The other thing I question is some of the language used in the article.

"Patterson [the inventor] characterizes his trailer is[sic] an 'asset protection tool' for businesses whose employees labor in the sun because the penalties for failing to properly care for workers can far outweigh the Cooling Station's $20,000 price tag."
So this is not about respecting the lives and health of workers, it's about covering your ass[ets].

"The Cooling Station was named as one of the top 10 products of 2010 by World Ag Expo in Tulare County for its potential to advance agricultural production." Again, it's about producing more, not really about concern for people at all.

Tuesday, December 29, 2009

"the inexorability of excrement"

What a line! the high-falutin' version of "s - - t happens", or perhaps "compost happens".

In the science section of the NY Times there's an article with pictures about manure management at industrial dairies.

http://www.nytimes.com/2009/12/29/science/29manure.html?partner=rss&emc=rss

The pictures are better than the article (except for the one captioned lactating Holsteins with three critters without a teat in sight), which seems to me curiously unbalanced for a science article.

Of course it is worth celebrating that a dairy uses the manure from its cows on nearby fields to grow the cows' feed, and that water is conserved in the process of waste management and used for irrigation. But there is no mention here of the contribution of cattle waste to greenhouse gas totals - a very significant issue. There also seem to be a whole lot of fossil fuels used in managing the manure.

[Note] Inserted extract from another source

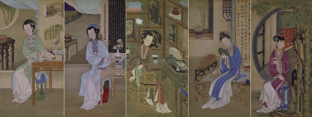 圖1 (左起)清《雍親王題書堂深居圖屏》12幅之〈撫書低吟〉、〈持表對菊〉、〈博古幽思〉、〈裘裝對鏡〉、〈桐蔭品茶〉,絹本設色,各184×98公分,北京故宮博物院藏。圖/劉曉晨。
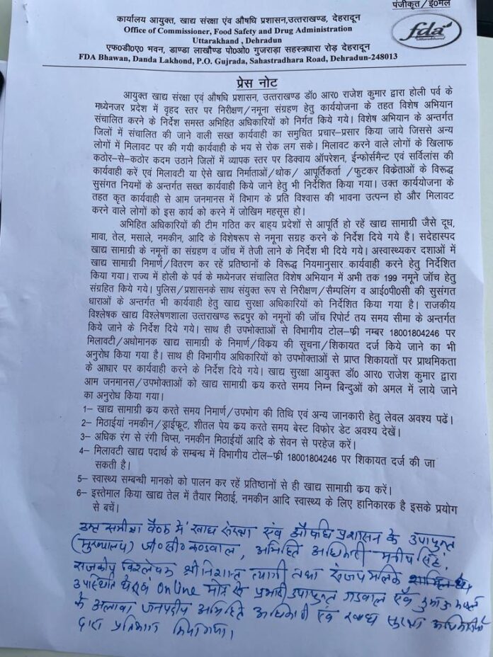 उत्तराखंड के खाद्य सुरक्षा आयुक्त डॉक्टर राजेश कुमार ने आम जनता से भी अपील की है कि

I wonder, too, why we must have balance in journalism - but apparently not when we right about mega scale agriculture? I'd like to hear about manure management from a small scale sustainable dairy.

Now I'm going to go back and scan the reader comments on this article, and see what others have said.

Well, it seems that many people found this to be, well, a crappy article, leaving many questions unanswered. How can we continue to make dairy food affordable (while eating less of it), and truly sustainable dairy farming profitable?

Thursday, December 24, 2009

movie reviews en francais

The movies, not the reviews, are in French.

In the television dead zone that is Advent I have been happy about the existence of Netflix and Hulu. So much so that I may, after a dozen years, go back to being without a television.

The Gleaners and I is a 2000 treatment, with a 2002 update, of gleaners in France, inspired by Millais's painting. Agnes Varda documents her own attempts at gleaning and those of others. Not limited to fields, vineyards and orchards, gleaning goes on at farmers' markets, at the shore, in dumpsters and metaphorically. Vargas also explores the legal framework that permits gleaning.

I found Vargas' discoveries charming and never condescending - and I felt encouraged to see what more I might do to undertake some organized gleaning here. But I'm not sure I have the courage or the fitness levels required for dumpster diving!

The problem with watching French movies, of course, is that while I catch some of the language, I do depend on the subtitles, and that means I don't get much knitting done while watching them. Food Beware: the French Organic Revolution did leave me some moments to tune out a bit - it's a very heavy health and food-caused illness emphasis, which for me is not the primary reason to eat organic food. What I really liked, in this movie centered on reforming a school lunch program in an agricultural area of France, was watching the children eat. They sat at tables for eight or so, mixed ages, with the food served family style. The cooks actually came out of the kitchen, prodding some children to eat their vegetables, interviewing others about their reactions to what was being served. Oh that we would have a little more of this human community around our institutional food here in the U.S. Or even our family meals, dare I say it. Seeing the kids in their vegetable patch, watching the whole community get behind the transition to organics, and listening the challenges of agriculturalists in the area did hold my interest for much of the movie.

This coming week I will mostly be doing "my own work" which will include more blog updates including movie reviews.